Required work: From the listing below, set down exactly the lines between the one holding "Con ese objetivo, el" and the one holding "Nipigon, often written", inclusive. No other line is wanted.

Input data:
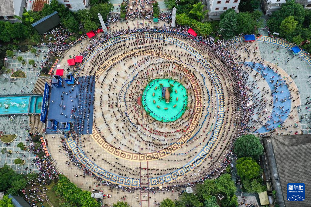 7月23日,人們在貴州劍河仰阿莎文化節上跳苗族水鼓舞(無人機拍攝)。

* * *

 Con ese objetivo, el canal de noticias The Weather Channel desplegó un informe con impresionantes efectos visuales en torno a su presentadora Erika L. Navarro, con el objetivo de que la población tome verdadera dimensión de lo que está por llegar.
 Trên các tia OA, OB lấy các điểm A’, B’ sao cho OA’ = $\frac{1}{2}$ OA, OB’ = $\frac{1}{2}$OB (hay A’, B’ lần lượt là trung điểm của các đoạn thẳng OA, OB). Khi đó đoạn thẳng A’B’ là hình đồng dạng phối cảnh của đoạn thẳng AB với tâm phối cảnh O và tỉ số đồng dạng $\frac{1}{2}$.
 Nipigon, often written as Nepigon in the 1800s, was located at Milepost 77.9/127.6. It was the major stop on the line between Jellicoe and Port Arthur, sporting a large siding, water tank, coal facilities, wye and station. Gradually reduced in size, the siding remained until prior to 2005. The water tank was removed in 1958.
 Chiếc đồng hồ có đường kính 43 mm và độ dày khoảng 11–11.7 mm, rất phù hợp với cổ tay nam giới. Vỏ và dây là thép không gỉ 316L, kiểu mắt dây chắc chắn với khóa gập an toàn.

Answer space:
 Con ese objetivo, el canal de noticias The Weather Channel desplegó un informe con impresionantes efectos visuales en torno a su presentadora Erika L. Navarro, con el objetivo de que la población tome verdadera dimensión de lo que está por llegar.
 Trên các tia OA, OB lấy các điểm A’, B’ sao cho OA’ = $\frac{1}{2}$ OA, OB’ = $\frac{1}{2}$OB (hay A’, B’ lần lượt là trung điểm của các đoạn thẳng OA, OB). Khi đó đoạn thẳng A’B’ là hình đồng dạng phối cảnh của đoạn thẳng AB với tâm phối cảnh O và tỉ số đồng dạng $\frac{1}{2}$.
 Nipigon, often written as Nepigon in the 1800s, was located at Milepost 77.9/127.6. It was the major stop on the line between Jellicoe and Port Arthur, sporting a large siding, water tank, coal facilities, wye and station. Gradually reduced in size, the siding remained until prior to 2005. The water tank was removed in 1958.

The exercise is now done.